Exercise directions:
Repeat the data verbatim, images excluded.

•••••

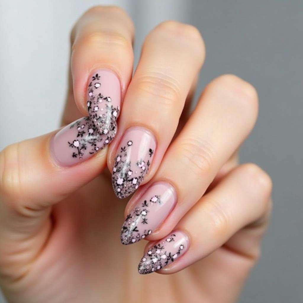 Add delicate silver leaf accents to a nude base for a refined, timeless look.
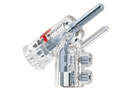 Referenční banánkový WBT konektor  vyrobený z čistého stříbra, s platinovým povrchem. Technologie Nextgen™.
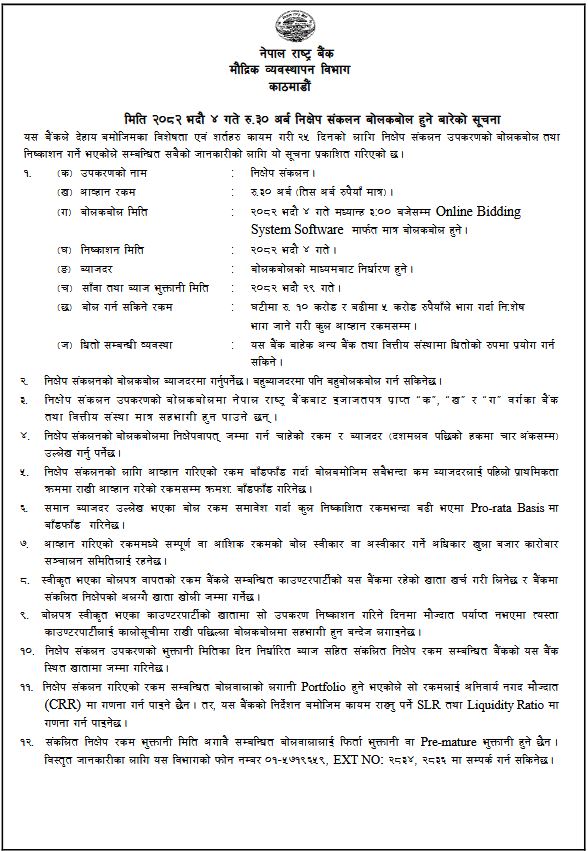 राष्ट्र बैंकका अनुसार आज अपराह्न तीन बजेसम्ममा अनलाइन बिडिङ सिस्टम सफ्टवेयर मार्फत उक्त परिमाणमा रकम तानिएको हो । परिपक्व हुने अवधि २५ दिन तोकिएको यो उपकरणको सावाँ व्याज भुक्तानी मिति भदौ २९ गते तोकिएको छ । राष्ट्र बैंकका अनुसार वाणिज्य बैंक, विकास बैंक र फाइनान्स कम्पनीहरूको लागि यो उपकरण बिक्री गरिएको हो ।
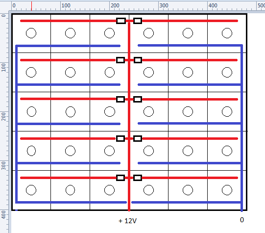 Inkább valahogy így rajzolnám. Természetesen lehet úgy is kötni, hogy a 3. Led-ek alja (katódja) megy a negatívra és az ellenállás a +12V-ról jön az első tetejére (anódjára). Csak ezen a rajzon így egyszerűbb volt lerajzolnom. Az ellenállás attól függ, mekkora aksi feszültséggel számolunk. Ha 12V-al, akkor 180ohm-al csak 13mA lesz egy oszlop árama. Ha ez elegendő... üdv! proli007
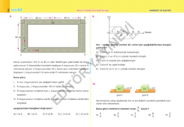 parkurunun C köşesinden harekete başlayan K koşucusu 20 s sonra O Editör Yayınevi D) Cisim II’ de sabit hızlıdır.
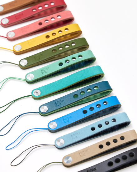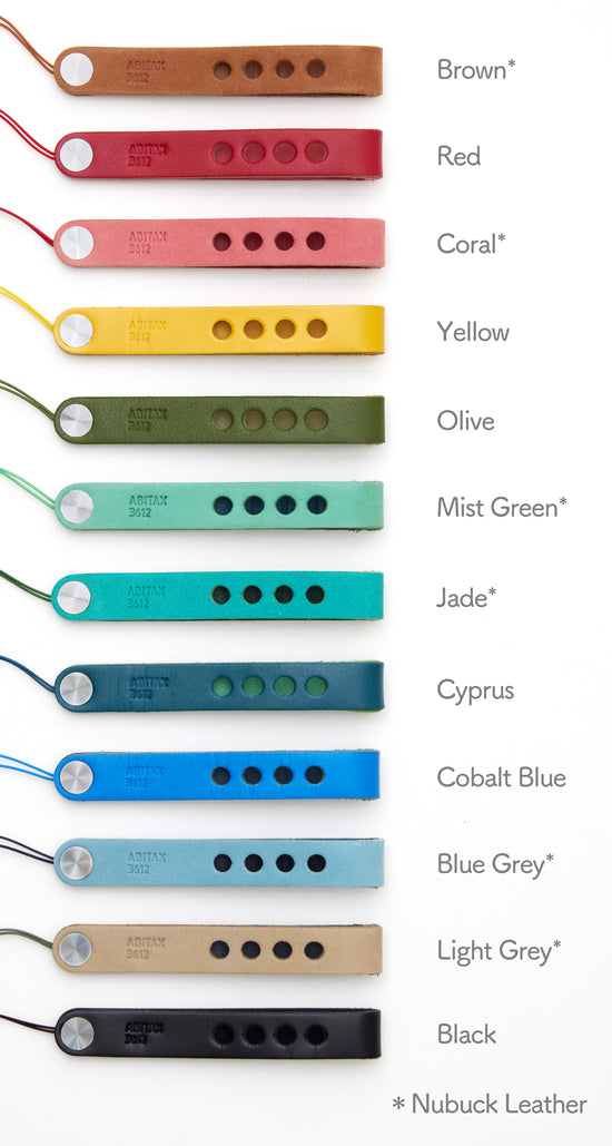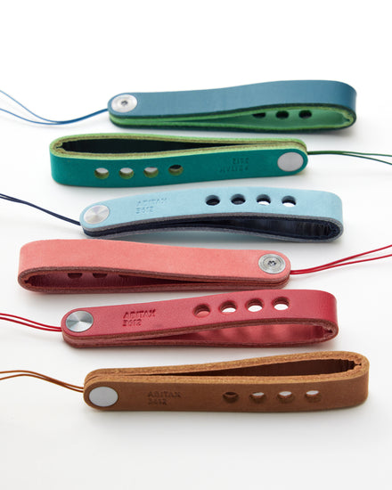 取付けひもは革と同色に染め、金具は精密切削加工を施したアルミ合金製とし、革以外のパーツのディテールにもこだわりました。
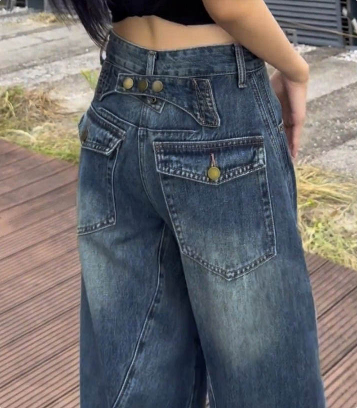 182084 유니크 백버튼 워싱 데님 팬츠 30580
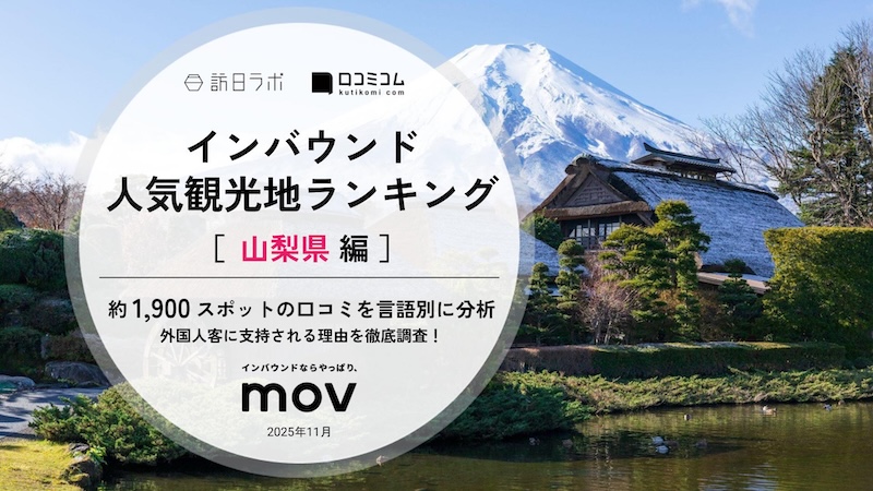 業界最大級のインバウンドビジネスメディア「訪日ラボ」及び 店舗向け集客一元化プラットフォーム「口コミコム」を運営する株式会社movは、山梨県の観光地に寄せられた最新の口コミデータから、独自の『インバウンド人気観光地ランキング』を発表しました... -
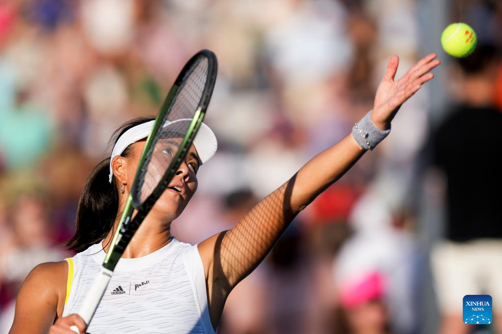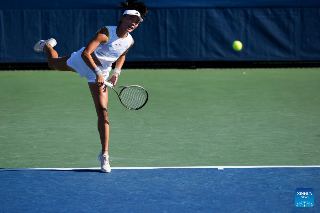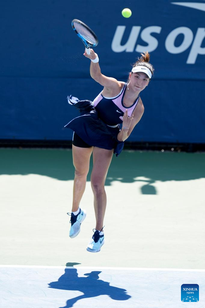 Wang Xinyu of China serves during the women's singles first round match against Linda Fruhvirtova of the Czech Republic at the 2022 US Open tennis championships in New York, the United States, Aug. 30, 2022. (Xinhua/Liu Jie)
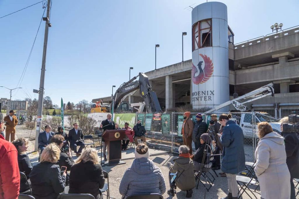 The aging Phoenix Center Garage, once seen as a symbol of Pontiac’s stalled redevelopment, was demolished earlier this year. Carlson says new parking structures will soon rise in its place, setting the stage for a modernized government campus that integrates state and county services in a more accessible, pedestrian-friendly environment.
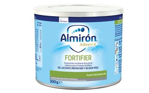 Almirón Advance Fortifier a partir del primer día es un suplemento diseñado para ser añadido a la leche materna. Ayuda a enriquecer el perfil nutricional para completar las necesidades nutricionales específicas de los lactantes prematuros o de bajo peso.
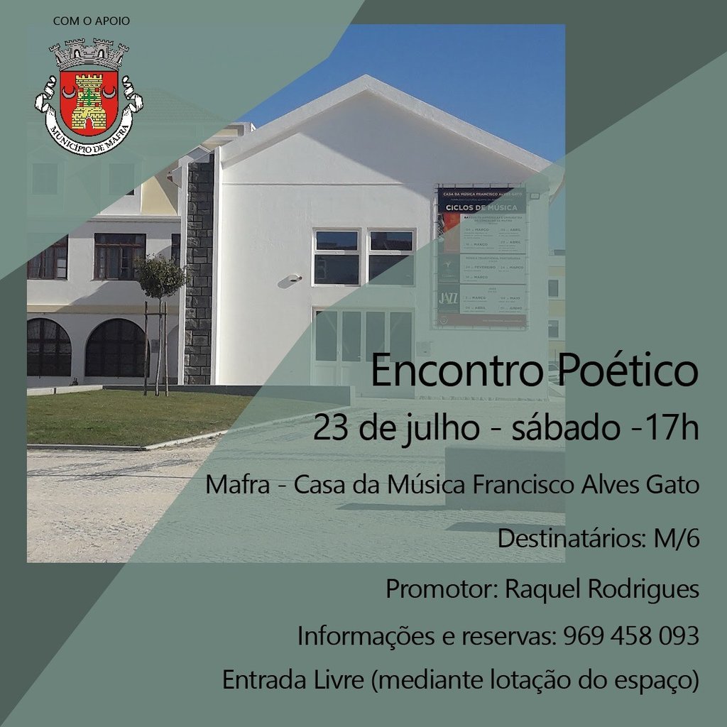 Adicionar a calendário2022-07-23 00:00:002022-07-23 00:00:00Europe/LisbonEncontro PoéticoAuditório da Casa da Música Francisco Alves Gato - MafraRaquel Rodrigues
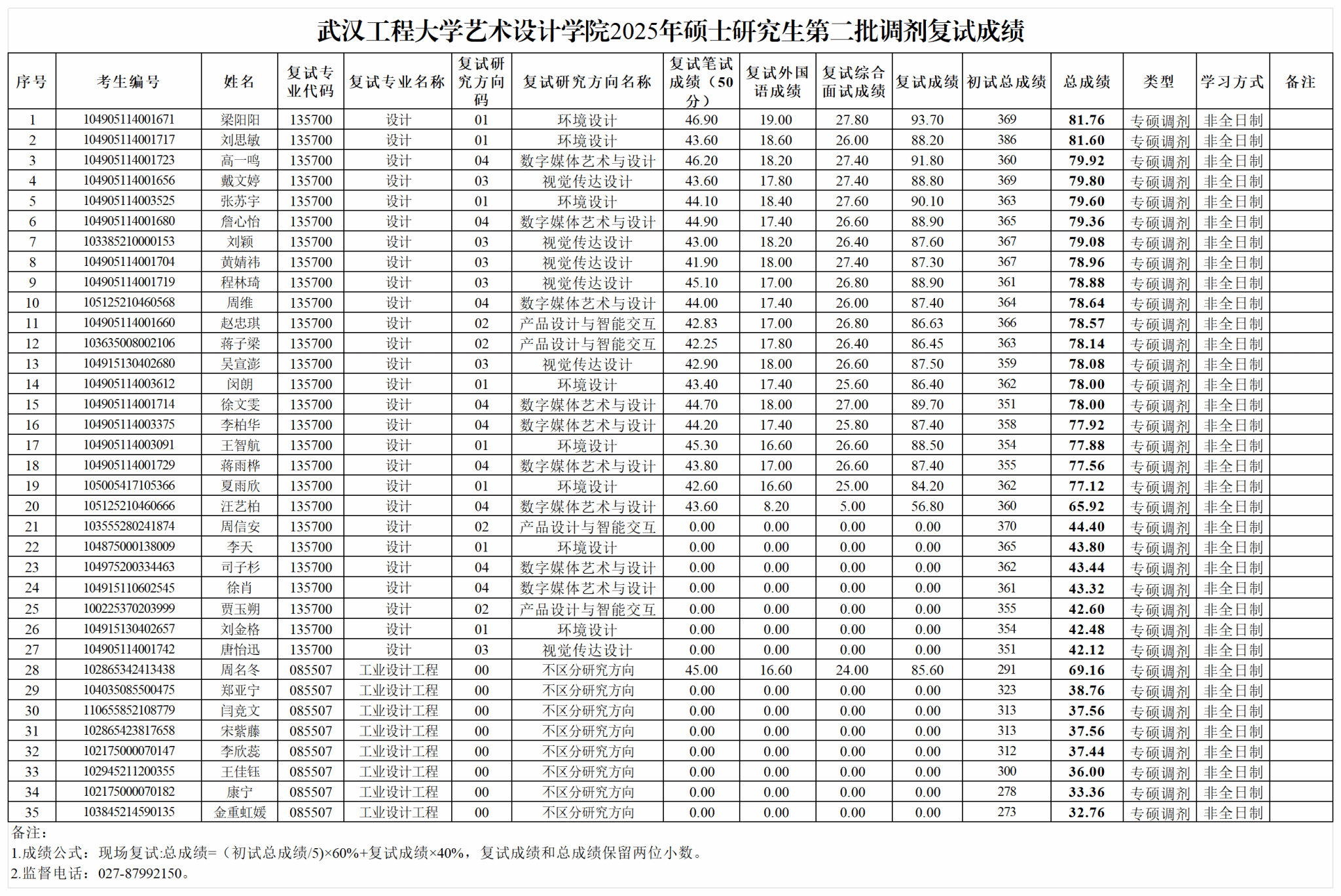 武汉工程大学艺术设计学院2025年硕士研究生第二批调剂复试成绩
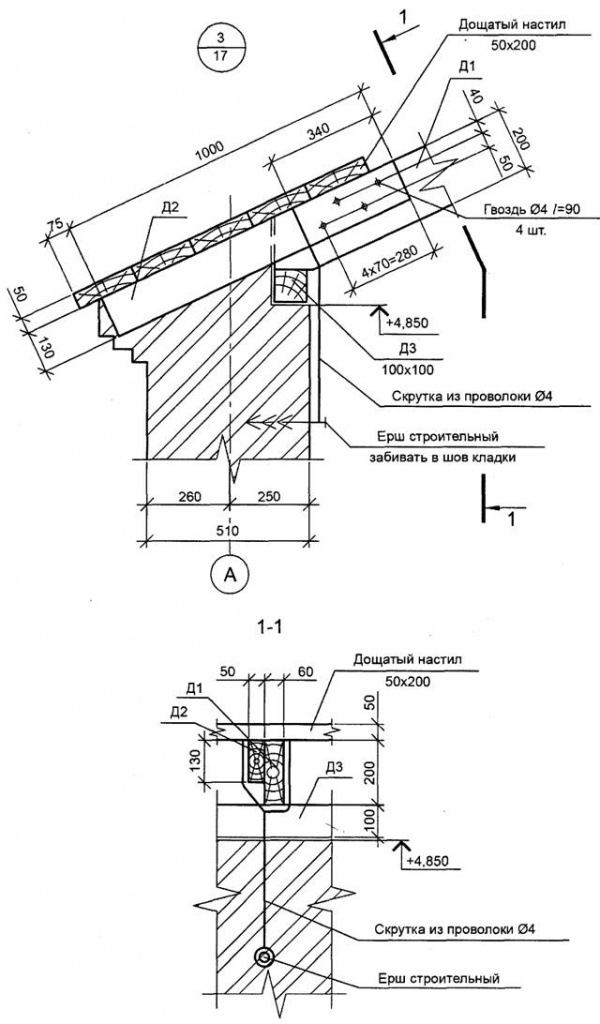 - с помощью забитых с двух сторон гвоздей, скрещивающихся в мауэрлате;
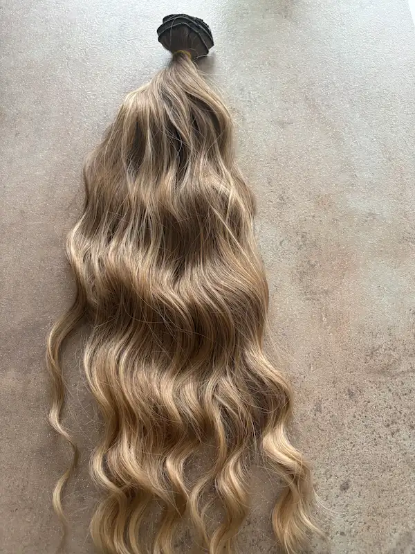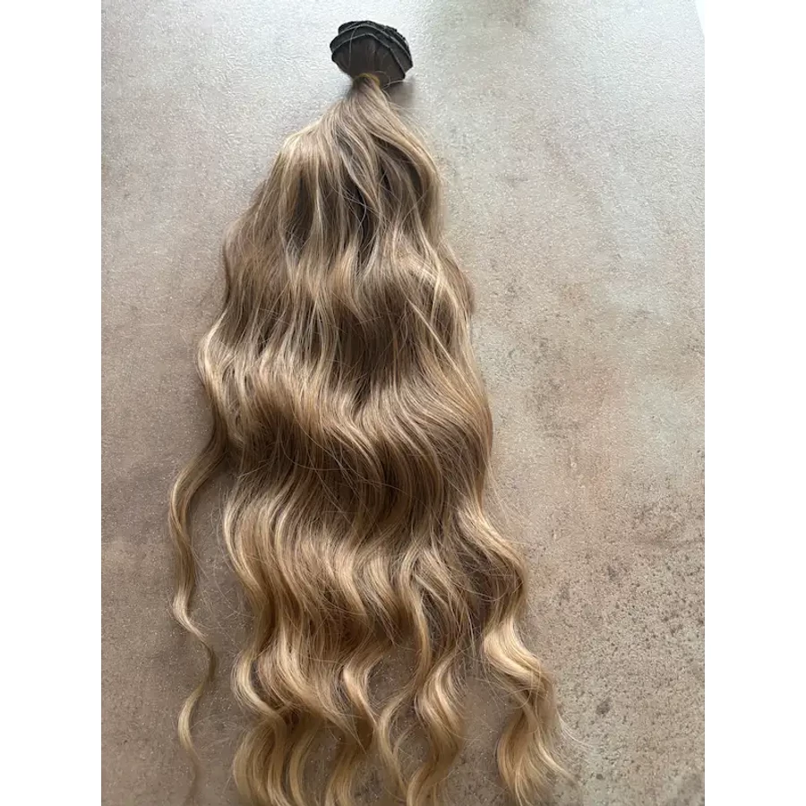 8-as szőke-szőke hullámos vasalható I. osztályú csatos, szintetikus haj 55cm (56)

•••••

Finished exercise:
 Add delicate silver leaf accents to a nude base for a refined, timeless look.
 Referenční banánkový WBT konektor  vyrobený z čistého stříbra, s platinovým povrchem. Technologie Nextgen™.
 राष्ट्र बैंकका अनुसार आज अपराह्न तीन बजेसम्ममा अनलाइन बिडिङ सिस्टम सफ्टवेयर मार्फत उक्त परिमाणमा रकम तानिएको हो । परिपक्व हुने अवधि २५ दिन तोकिएको यो उपकरणको सावाँ व्याज भुक्तानी मिति भदौ २९ गते तोकिएको छ । राष्ट्र बैंकका अनुसार वाणिज्य बैंक, विकास बैंक र फाइनान्स कम्पनीहरूको लागि यो उपकरण बिक्री गरिएको हो ।
 Inkább valahogy így rajzolnám. Természetesen lehet úgy is kötni, hogy a 3. Led-ek alja (katódja) megy a negatívra és az ellenállás a +12V-ról jön az első tetejére (anódjára). Csak ezen a rajzon így egyszerűbb volt lerajzolnom. Az ellenállás attól függ, mekkora aksi feszültséggel számolunk. Ha 12V-al, akkor 180ohm-al csak 13mA lesz egy oszlop árama. Ha ez elegendő... üdv! proli007
 parkurunun C köşesinden harekete başlayan K koşucusu 20 s sonra O Editör Yayınevi D) Cisim II’ de sabit hızlıdır.
 取付けひもは革と同色に染め、金具は精密切削加工を施したアルミ合金製とし、革以外のパーツのディテールにもこだわりました。
 182084 유니크 백버튼 워싱 데님 팬츠 30580
 業界最大級のインバウンドビジネスメディア「訪日ラボ」及び 店舗向け集客一元化プラットフォーム「口コミコム」を運営する株式会社movは、山梨県の観光地に寄せられた最新の口コミデータから、独自の『インバウンド人気観光地ランキング』を発表しました... -
 Wang Xinyu of China serves during the women's singles first round match against Linda Fruhvirtova of the Czech Republic at the 2022 US Open tennis championships in New York, the United States, Aug. 30, 2022. (Xinhua/Liu Jie)
 The aging Phoenix Center Garage, once seen as a symbol of Pontiac’s stalled redevelopment, was demolished earlier this year. Carlson says new parking structures will soon rise in its place, setting the stage for a modernized government campus that integrates state and county services in a more accessible, pedestrian-friendly environment.
 Almirón Advance Fortifier a partir del primer día es un suplemento diseñado para ser añadido a la leche materna. Ayuda a enriquecer el perfil nutricional para completar las necesidades nutricionales específicas de los lactantes prematuros o de bajo peso.
 Adicionar a calendário2022-07-23 00:00:002022-07-23 00:00:00Europe/LisbonEncontro PoéticoAuditório da Casa da Música Francisco Alves Gato - MafraRaquel Rodrigues
 武汉工程大学艺术设计学院2025年硕士研究生第二批调剂复试成绩
 - с помощью забитых с двух сторон гвоздей, скрещивающихся в мауэрлате;
 8-as szőke-szőke hullámos vasalható I. osztályú csatos, szintetikus haj 55cm (56)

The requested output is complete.